My view is that we should never let out of our sight the vision of what the EU is all about: a process to create ‘an ever closer union among the peoples of Europe’ (Article 1, para 2, Treaty on European Union), founded on the values of respect for human dignity, freedom, democracy, equality, the rule of law and respect for human rights (Article 2 Treaty on European Union). Some will say this is a rather oneiric statement - and maybe they are right. But for me this is what the EU is about and we, as European Union citizens, and our governments, should be clear about it and establish a fully-fledged Union. Hesitation leaves room for ambivalence which is in turn exploited by those who want to undermine the dream of a true Union.

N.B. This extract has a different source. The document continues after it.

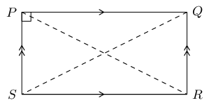 \[\begin{array}{rll} PS & = QR& \text{(opp sides of rectangle)}\\ SR & & \text{(common side)} \\ P\hat{S}R & = Q\hat{R}S = 90° & \text{ (}\angle \text{s of rectangle)}\\ \therefore \triangle PSR & \equiv \triangle QRS & \text{ (RHS)} \\ \text{Therefore } PR & = QS & \end{array}\]The diagonals of a rectangle are of equal length.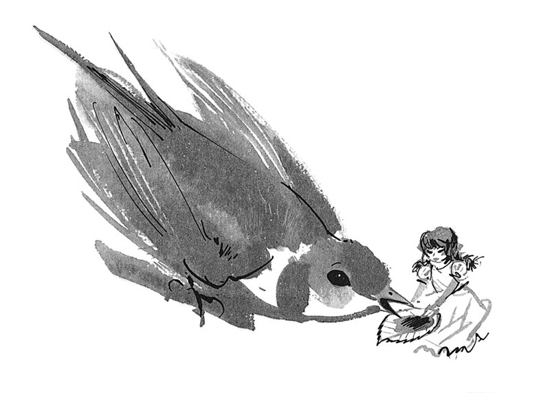 Девочка вся задрожала от испуга – птица ведь была в сравнении с крошкой просто великаном, – но всё-таки собралась с духом, ещё больше закутала ласточку, потом сбегала принесла листок мяты, которым накрывалась вместо одеяла сама, и покрыла им голову птички.

2021 begs the question: have we reached the limits of this ever-closer Union? I truly hope that we have not and that when we look back from the future, it will rather be seen as a turning point for the adoption of resolute steps - including in EU Criminal Law - in the fulfilment of the dream that this Union was and still is.
Footnotes
1.
Trade and Cooperation Agreement between the European Union and the European Atomic Energy Community, of the one part, and the United Kingdom of Great Britain and Northern Ireland, of the other part, [2021] OJ L 149/10, < https://eur-lex.europa.eu/legal-content/EN/TXT/?uri=uriserv%3AOJ.L_.2021.149.01.0010.01.ENG&toc=OJ%3AL%3A2021%3A149%3ATOC> accessed 04 November 2021. Also, see Mitsilegas V. ‘A new ‘special relationship’ or a damage limitation exercise? EU–UK criminal justice cooperation after Brexit’ (2021) 12 (2) New Journal of European Criminal Law 105
2.
Council Regulation (EU) 2017/1939 of 12 October 2017 implementing enhanced cooperation on the establishment of the European Public Prosecutor’s Office (‘the EPPO’).
3.
Article 41, para. 1, EPPO Regulation.
4.
Directive 2010/64/EU (right to interpretation and translation); Directive 2012/13/EU (right to information and access to the case materials); Directive 2013/48/EU (right of access to a lawyer and the right to communicate with and have third persons informed in the event of detention); Directive (EU) 2016/343 (right to remain silent and to be presumed innocent and right to present at trial); Directive (EU) 2016/1919 (right to legal aid).
5.
Article 41, para. 2, EPPO Regulation.
6.
Article 41, para. 3, EPPO Regulation.
7.
Commission v. Poland, C-204/21 R, Order of the Vice-President of the Court, §58.
8.
See Caeiro, P. The relationship between European and international criminal law (and the absent (?) third), in Mitsilegas V., Bergström M., and Konstadinides T. (eds), Research Handbook on EU Criminal Law, (Edward Elgar, 2017), p. 582.